What the task asks>
Copy exactly every line below, from the first through the one that contains "Die von LEON", and skip all pictures.

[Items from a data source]
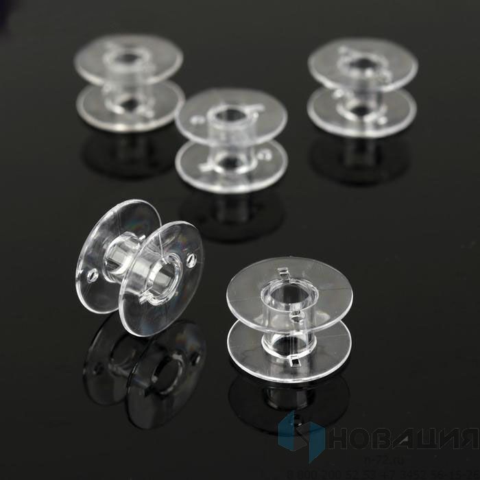 В наборе для швейной машины 5 прозрачных шпулек со внутренним диаметром 6 мм. На катушки наматывается нить. Шпульки подходят для машин Brother, Janome, Aurora, Bernette, Elna.
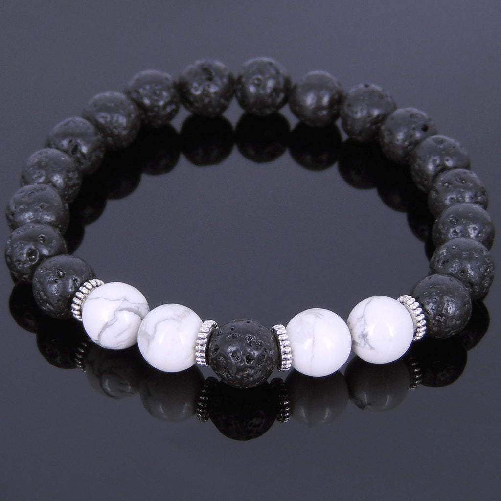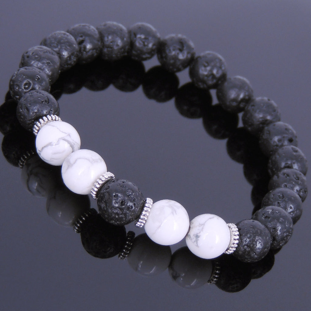 Materials: 8mm Lava Rock,8mm White Howlite,Tibetan Silver,Elastic Cords
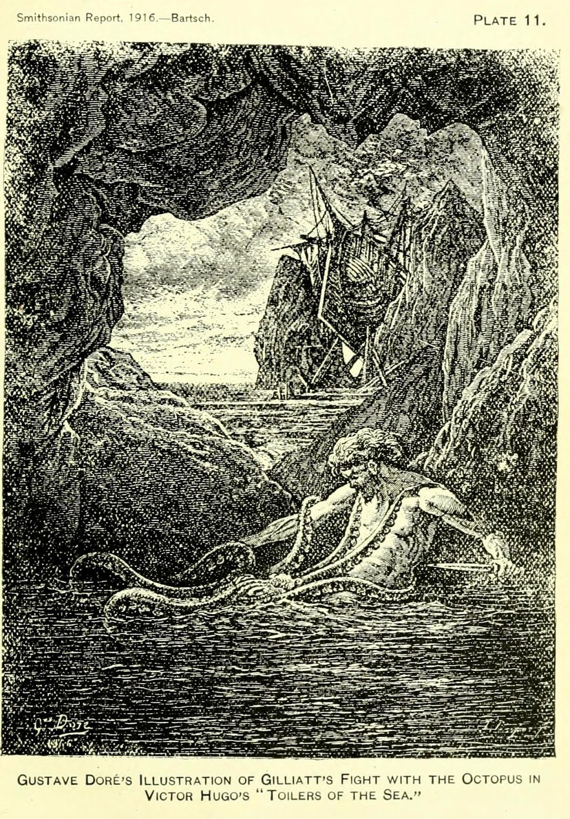 | Gillat’s struggle with the “monster” octopus, as described in Toilers of the Sea. Annual Report of the Board of Regents of the Smithsonian Institution. 1916. http://biodiversitylibrary.org/page/14187072. |
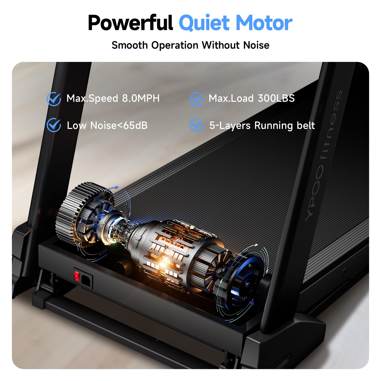 - 【Versatile Speed Options】With quick-access speed controls for 3 mph, 6 mph, and up to 8 mph, YPOO folding treadmill adapts to all fitness levels, whether you're walking, jogging, or running.The spacious 5-layer non-slip belt ensures a safe, comfortable workout. Shortcut buttons and dual cup holders add convenience, making it an ideal treadmill for home use.
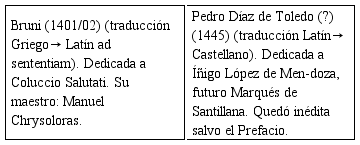 Veamos cómo este texto es interpretado por nuestros autores estudiados. Pedro Díaz de Toledo, como era de esperar, sigue completamente a Bruni y traduce:
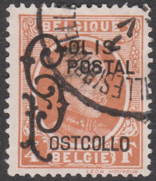 Die von LEON HOUYOUX entworfene Freimarke "König Albert I." der Wertstufe 4 F in der geänderten Farbe orangebraun wurde mit einem schwarzen Aufdruck "COLIS / POSTAL / POSTCOLLO" versehen.
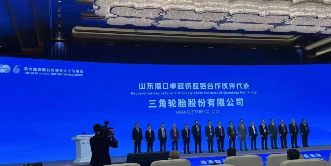 【炭黑產(chǎn)業(yè)網(wǎng)】6月23日消息,在近日于青島國際會議中心舉辦的“山東港口全球供應鏈合作伙伴大會”上,國內(nèi)輪胎行業(yè)領軍企業(yè)三角輪胎憑借其在全球供應鏈體系中的卓越表現(xiàn),榮獲“卓越供應鏈合作伙伴”稱號,成為該獎項16家獲獎企業(yè)中唯一的輪胎企業(yè)。此次盛會由山東省商務廳、交通運輸廳、青島市政府及山東港口集團共同主辦,是第六屆跨國公司領導人峰會的重要配套活動,吸引了全球航運、貿(mào)易及金融領域的廣泛關注。
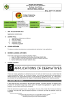 Republic of the Philippines NUEVA VIZCAYA STATE UNIVERSITY Bambang, Nueva Vizcaya INSTRUCTIONAL MODULE IM No.: MATH 1-1S-2020-2021 College: Engineering Campus: Bambang DEGREE PROGRAM SPECIALIZATION YEAR LEVEL I. BSME/BSEE/ BSECE/BSCPE Mechanical/Electrical Electronics/Computer 1st Year COURSE NO. MATH 1 COURSE TITLE Differential Calculus TIME FRAME 16 hrs. WK NO. 14 -17 IM NO. UNIT TITLE/CHAPTER TITLE Applications of Derivative II. III. LESSON TITLE I. Applications of Maxima and Minima II. Rate of Changes III. Rectilinear Motion IV. Rectilinear Rates V. Parametric Equations LESSON OVERVIEW This lesson provides the students an understanding the derivatives in its applications. IV. DESIRED LEARNING OUTCOMES At the end of the lesson, the students should be able to: 1. Apply the different properties of derivatives in solving related rates 2. Solving problems involving relationships between changing quantities. 3. Derive mathematical concepts related to rates. V. COURSE CONTENT 5 5 APPLICATIONS OF DERIVATIVES There are various applications of derivatives not only in math and real life but also in other fields like science, engineering, physics, etc. In previous classes, you must have learned to find the derivative of different functions, like, trigonometric functions, implicit functions, logarithm functions, etc. In this section, you will learn the use of derivatives with respect to mathematical concepts and in real-life scenarios. 5.1 MAXIMA AND MINIMA It was noted that at a point where its first derivative vanishes, a function assumes an extreme value, provided the derivative changes sign at that point. This result finds application in a great variety of problems, some of which will now be considered. When the derivative is equated to zero, it may happen, of course, that several critical values are obtained. in practice, the value that gives the desired maximum or minimum can often be selected at once by inspection NVSU-FR-ICD-05-00 (081220) “In accordance with Section 185, Fair Use of a Copyright Work of Republic Act 8293, the copy righted works included in this material may be reproduced for educational purposes only and not for commercial distribution” Page |1 Republic of the Philippines NUEVA VIZCAYA STATE UNIVERSITY Bambang, Nueva Vizcaya INSTRUCTIONAL MODULE IM No.: MATH 1-1S-2020-2021 EXAMPLE A box is to be made of piece of cardboard 9 𝑖𝑛2 by cutting equal squares out of the corners and turning up the sides. Find the volume of the largest box that can be made in this way. Solution: 𝑉 = (9 − 2𝑥)2 𝑥 𝑉 = 81𝑥 − 36𝑥 2 + 4𝑥 3 𝑑𝑉 = 81 − 72𝑥 + 12𝑥 2 = 0 𝑑𝑥 4𝑥 2 − 24𝑥 + 27 = 0 ÷3 Using quadratic formula −𝑏 ± √𝑏 2 − 4𝑎𝑐 𝑥= 2𝑎 −(−24) ± √(−24)2 − 4(4)(27) 𝑥= 2(4) 24 ± 12 𝑥= 8 𝑥 = 4.5 and 𝑥 = 1.5 Use 𝑥 = 1.5 𝑉 = (9 − 2𝑥)2 𝑥 2 𝑉 = (9 − 2(1.5)) (1.5) 𝟑 𝑽 = 𝟓𝟒 𝒊𝒏 EXAMPLE Find the rectangle of maximum perimeter inscribed in a given circle Solution: Diameter 𝐷 is constan, (circle is given) 𝑥 2 +𝑦 2 = 𝐷 2 2𝑥 + 2𝑦𝑦 ′ = 0 −𝑥 𝑦′ = 𝑦 Perimeter 𝑃 = 2𝑥 + 2𝑦 𝑑𝑃 = 2 + 2𝑦 ′ 𝑑𝑥 0 = 2 + 2𝑦 ′ −𝑥 2 +2( ) = 0 𝑦 𝑦=𝑥 The largest rectangle is a square. NVSU-FR-ICD-05-00 (081220) “In accordance with Section 185, Fair Use of a Copyright Work of Republic Act 8293, the copy righted works included in this material may be reproduced for educational purposes only and not for commercial distribution” Page |2 Republic of the Philippines NUEVA VIZCAYA STATE UNIVERSITY Bambang, Nueva Vizcaya INSTRUCTIONAL MODULE IM No.: MATH 1-1S-2020-2021 EXAMPLE If the hypotenuse of the right triangle is given, show that the area is maximum when the triangle is isosceles. Solution: 𝑥2 + 𝑦2 = 𝑐2 2𝑥 + 2𝑦𝑦 ′ = 0 −𝑥 𝑦′ = 𝑦 Area: 1 𝑥𝑦 2 𝑑𝐴 1 = [𝑥𝑦 ′ + 𝑦] 𝑑𝑏 2 1 0 = [𝑥𝑦 ′ + 𝑦] 2 0 = 𝑥𝑦 ′ + 𝑦 −𝑥 𝑥( )+𝑦 = 0 𝑦 𝑥2 𝑦= 𝑦 𝑦2 = 𝑥2 𝑦=𝑥 𝐴= The triangle is an isosceles right triangle. Do what is being asked for. 1. A box is to be made from a sheet of cardboard that measures 12" × 12". The construction will be achieved by cutting a square from each corner of the sheet and then folding up the sides. What is the box of greatest volume that can be constructed in this fashion? 2. A rectangular garden is to be constructed against the side of a garage. The gardener has 100𝑓𝑡 of fencing and will construct a three-sided fence; the side of the garage will form the fourth side. What dimensions will give the garden of greatest area? 3. A farmer has enough money to build only 100𝑚 of fence. What are the dimensions of the field he can enclose the maximum area? 4. Find the minimum amount of tin sheet that can be made into a closed cylinder having a volume of 108 cu. inches in square inches. 5. A box is to be constructed from a piece of zinc 20𝑖𝑛2 by cutting equal squares from each corner and turning up the zinc to form the side. What is the volume of the largest box that can be so constructed? 6. A poster is to contain 300 (cm square) of printed matter with margins of 10𝑐𝑚 at the top and bottom and 5𝑐𝑚 at each side. Find the overall dimensions if the total area of the poster is minimum. 7. A normal window is in the shape of a rectangle surmounted by a semi-circle. What is the ratio of the width of the rectangle to the total height so that it will yield a window admitting the most light for a given perimeter? NVSU-FR-ICD-05-00 (081220) “In accordance with Section 185, Fair Use of a Copyright Work of Republic Act 8293, the copy righted works included in this material may be reproduced for educational purposes only and not for commercial distribution” Page |3 Republic of the Philippines NUEVA VIZCAYA STATE UNIVERSITY Bambang, Nueva Vizcaya INSTRUCTIONAL MODULE IM No.: MATH 1-1S-2020-2021 8. Determ
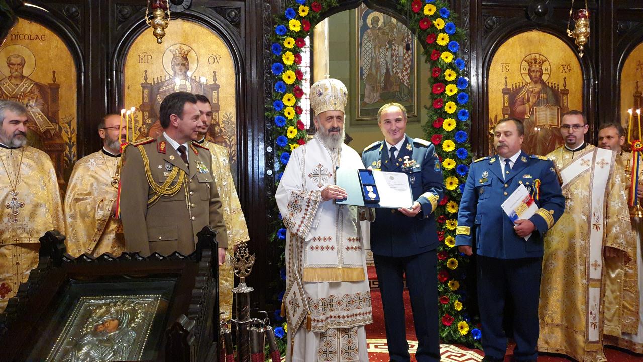 La finalul Sfintei Liturghii, Ierarhul nostru i-a oferit domnului General Locotenent Mihai Șomordolea, Consilier de Stat în Departamentul Securității Naționale la Secretariatul Consiliului Suprem de Apărare a Țării, Ordinul „Credință și Unire”, în semn de apreciere pentru slujirea rodnică și folositoare a Bisericii lui Hristos în care și-a manifestat credința lucrătoare prin iubire. Totodată, aceeași distincție i-a fost oferită domnului Comandor Cristian Manolachi, Șef al resurselor umane al Statului Major al Forțelor Aeriene, și domnului General-Maior Viorel Pană, Șeful Statului Major al Forțelor Aeriene. De asemenea, domnul General-Maior Viorel Pană i-a conferit Înaltpreasfințitului Părinte Arhiepiscop Irineu distincția „Emblema de Onoare a Forţelor Aeriene”, în semn de aleasă prețuire pentru contribuția adusă la cultivarea respectului pentru simbolurile naționale și promovarea imaginii Forțelor Aeriene și a Armatei României.

Answer>
 В наборе для швейной машины 5 прозрачных шпулек со внутренним диаметром 6 мм. На катушки наматывается нить. Шпульки подходят для машин Brother, Janome, Aurora, Bernette, Elna.
 Materials: 8mm Lava Rock,8mm White Howlite,Tibetan Silver,Elastic Cords
 | Gillat’s struggle with the “monster” octopus, as described in Toilers of the Sea. Annual Report of the Board of Regents of the Smithsonian Institution. 1916. http://biodiversitylibrary.org/page/14187072. |
 - 【Versatile Speed Options】With quick-access speed controls for 3 mph, 6 mph, and up to 8 mph, YPOO folding treadmill adapts to all fitness levels, whether you're walking, jogging, or running.The spacious 5-layer non-slip belt ensures a safe, comfortable workout. Shortcut buttons and dual cup holders add convenience, making it an ideal treadmill for home use.
 Veamos cómo este texto es interpretado por nuestros autores estudiados. Pedro Díaz de Toledo, como era de esperar, sigue completamente a Bruni y traduce:
 Die von LEON HOUYOUX entworfene Freimarke "König Albert I." der Wertstufe 4 F in der geänderten Farbe orangebraun wurde mit einem schwarzen Aufdruck "COLIS / POSTAL / POSTCOLLO" versehen.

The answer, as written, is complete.